Calculation of Lipid Quality Index
Polyene index (PI) was calculated using the formula proposed by Rodriguez et al. (2007): PI = [docosapentaenoic acid + docosahexaenoic acid] / (palmitic acid) Atherogenic (AI) and thrombogenic (TI) indexes were calculated according to Garafo et al. (2011):
AI= [(4 x C14:0) + C16:0 + C18:0] / [ΣMUFA + Σ n-6 + Σ n-3].
TI= [C14:0 + C16:0 +C18:0] / [(0.5 x MUFA) + (0.5 x n-6) + (3 x n-3) + (n-3/n-6)].
Statistical Analysis
Fatty acids were determined based on the percentage of total FA identified in each meat sample. The effect of storage time was analyzed by a completely randomized design using the GLM procedures of SAS (SAS Inst. Inc. Cary, NC). When a difference (P < 0.05) was detected, means were separated by a Tukey comparison means test.
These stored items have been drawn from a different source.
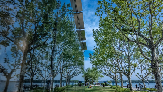 初夏時(shí)節(jié),園區(qū)的開放式景區(qū)、口袋公園處處綠樹成蔭,濱水駁岸區(qū)域水清岸綠、鳥類恣意棲息,引得市民游客頻頻駐足。一幅幅人與自然和諧共生的生態(tài)畫卷在園區(qū)鋪展。
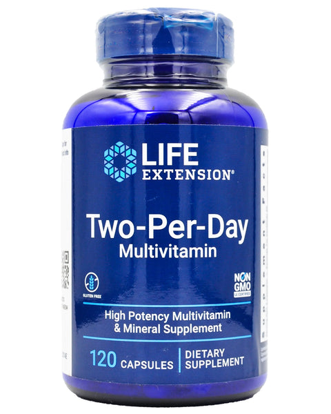Life Extension Two-Per-Day contains bioactive folate as L-5-methyltetrahydrofolate calcium salt and B12 as methylcobalamin. It also includes zinc citrate, mixed tocopherols as vitamin E, chromium as Crominex®, and a range of patented antioxidants. Gluten free, non-GMO.
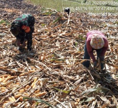 KARO – Bintara Pembina Desa (Babinsa) Koramil 06/MT Kodim 0205/Tanah Karo Serka Wahyudi melaksanakan upaya khusus (upsus) pendampingan panen jagung milik Hary Perangin-angin di Desa Pertumbungen Kecamatan Munte Kabupaten Karo , Senin 06/07/2020 .

A correlation analysis was used in order to determine the relationship among the time of frozen storage, fatty acids profile, and lipid quality indexes of rainbow trout fillet.
RESULTS
Fatty Acids Percentages of Frozen and Non-frozen Rainbow Trout Fillets
Concentration of fatty acids in the fillets were affected (P ≤ 0.001) by storage temperature (-15oC). From the day 0 to 45, fatty acids concentration were higher (P ≤ 0.05) in the fresh fillets than frozen fillets. However, no differences were found (P > 0.05) from the day 45 to the day 90. Identified fatty acids concentration of fresh and frozen fillets during the 45 to 90 days is showed in Table 1.
In fresh fillets, the concentration of FA from highest to lowest was: oleic (C18:1n9), palmitic (C16:0) docosahexaenoic (DHA) (C22:6n3) and linoleic (C18:2n6) acid. The FA composition changed in the frozen fillets and the order was palmitic, oleic, linoleic and DHA.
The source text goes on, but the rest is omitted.